Each line of the listing below must be retyped exactly, with images left out.

■ DATA SUPPLIED
= Beginning of Section =

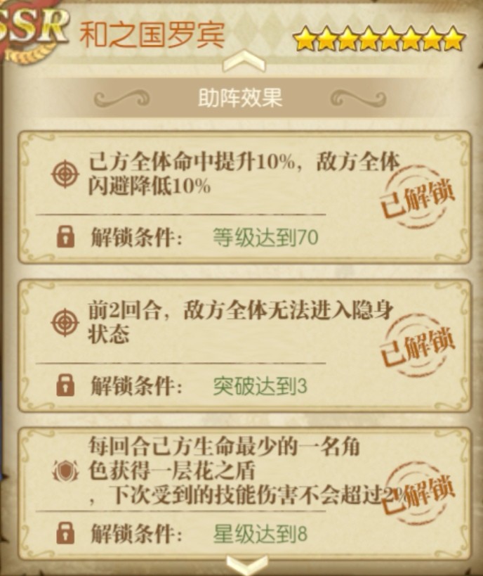 从上面我们可以看出,和之国罗宾是一个软辅角色,拥有较强的团队增益,自身也拥有一定的生存能力,但输出能力不佳。
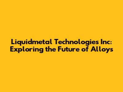 Hey guys! Ever heard of Liquidmetal Technologies Inc.? If not, you're in for a treat. This company is pushing the boundaries of material science, and their innovative alloys could revolutionize various industries. So, let's dive deep into what Liquidmetal Technologies is all about, why they're making waves, and what the future might hold for this fascinating field. Ready to explore the world of advanced alloys? Let's get started!
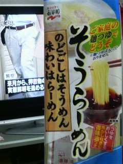 2009-08-26 そうめん+らーめん=そうらーめん。 ごにょごにょ・・・独り言。 今日、仕事帰りスーパーに寄り道。(^。^)シーチキンを買おうとウロウロしていたら「そう」という文字が!(つい、荘ちゃんの‘そう’と勘違いしちゃうのよね)のどごしは、そうめん。味わいは、らーめん。きっと、らーめん食べたいけどさっぱりと済ませたい時にゃ、こりゃ便利かもなぁ。(^_^)v
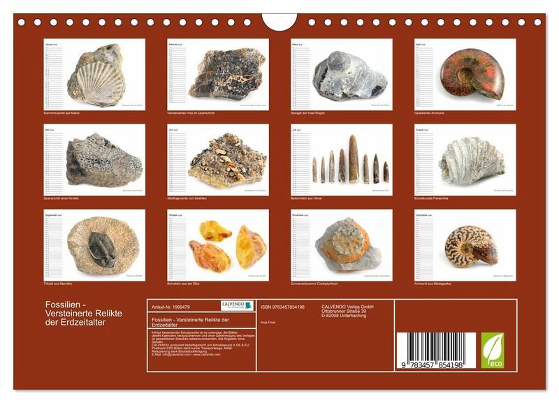Fossilien ermöglichen uns einen faszinierenden Blick in die Erdgeschichte. Bernstein und fossiles Holz sind Zeugnisse längst vergangener Urzeitwälder. Versteinerte Muscheln, Korallen und Seeigel lebten einst in Urmeeren. Der Kalender mit Planerfunktion zeigt einen Querschnitt der Vielfalt des urzeitlichen Lebens.
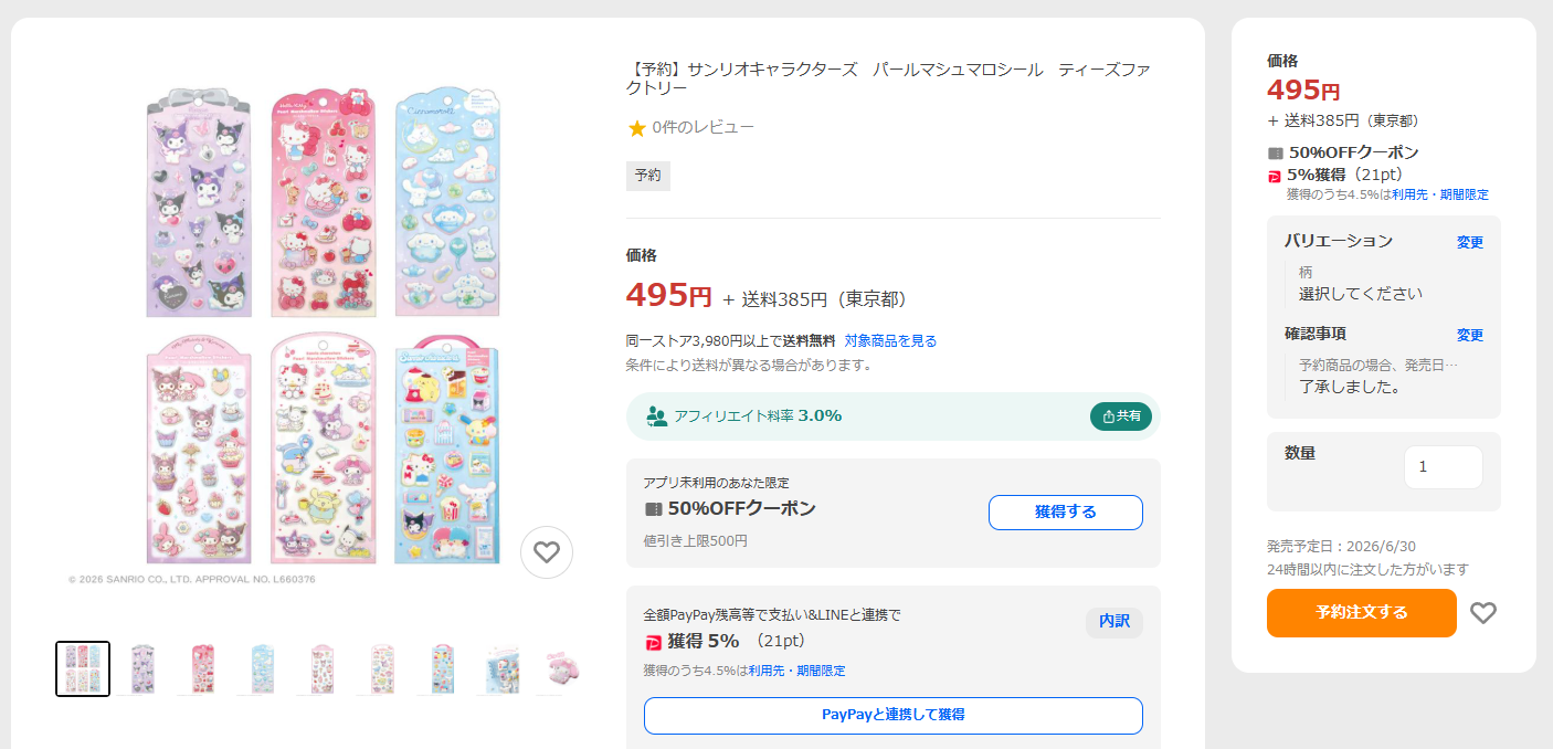この「パールマシュマロシール」ですが、公式オンラインショップ等ですでに予約受付がスタートしています。サンリオの新作シール、特に今回のような特殊加工が施された凝ったアイテムは、発売後に店頭で探そうと思っても「どこにも売っていない」という状況になりがちです。
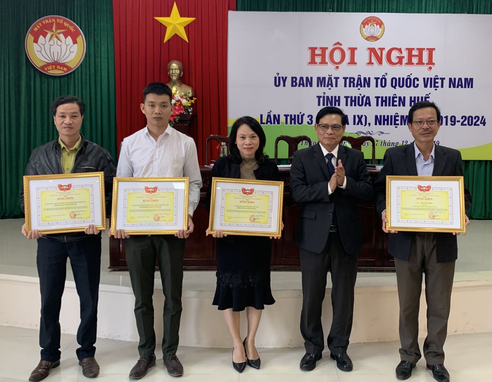 Ông Nguyễn Nam Tiến (thứ 2, từ phải sang) trao Bằng khen của Trung ương MTTQVN cho các tập thể và cá nhân đạt thành tích xuất sắc
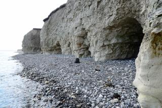 Flere steder er der huler i den lodrette Sangstrup Klint.

= End of Section =

■ RESULT FOR THIS TASK
 从上面我们可以看出,和之国罗宾是一个软辅角色,拥有较强的团队增益,自身也拥有一定的生存能力,但输出能力不佳。
 Hey guys! Ever heard of Liquidmetal Technologies Inc.? If not, you're in for a treat. This company is pushing the boundaries of material science, and their innovative alloys could revolutionize various industries. So, let's dive deep into what Liquidmetal Technologies is all about, why they're making waves, and what the future might hold for this fascinating field. Ready to explore the world of advanced alloys? Let's get started!
 2009-08-26 そうめん+らーめん=そうらーめん。 ごにょごにょ・・・独り言。 今日、仕事帰りスーパーに寄り道。(^。^)シーチキンを買おうとウロウロしていたら「そう」という文字が!(つい、荘ちゃんの‘そう’と勘違いしちゃうのよね)のどごしは、そうめん。味わいは、らーめん。きっと、らーめん食べたいけどさっぱりと済ませたい時にゃ、こりゃ便利かもなぁ。(^_^)v
Fossilien ermöglichen uns einen faszinierenden Blick in die Erdgeschichte. Bernstein und fossiles Holz sind Zeugnisse längst vergangener Urzeitwälder. Versteinerte Muscheln, Korallen und Seeigel lebten einst in Urmeeren. Der Kalender mit Planerfunktion zeigt einen Querschnitt der Vielfalt des urzeitlichen Lebens.
この「パールマシュマロシール」ですが、公式オンラインショップ等ですでに予約受付がスタートしています。サンリオの新作シール、特に今回のような特殊加工が施された凝ったアイテムは、発売後に店頭で探そうと思っても「どこにも売っていない」という状況になりがちです。
 Ông Nguyễn Nam Tiến (thứ 2, từ phải sang) trao Bằng khen của Trung ương MTTQVN cho các tập thể và cá nhân đạt thành tích xuất sắc
 Flere steder er der huler i den lodrette Sangstrup Klint.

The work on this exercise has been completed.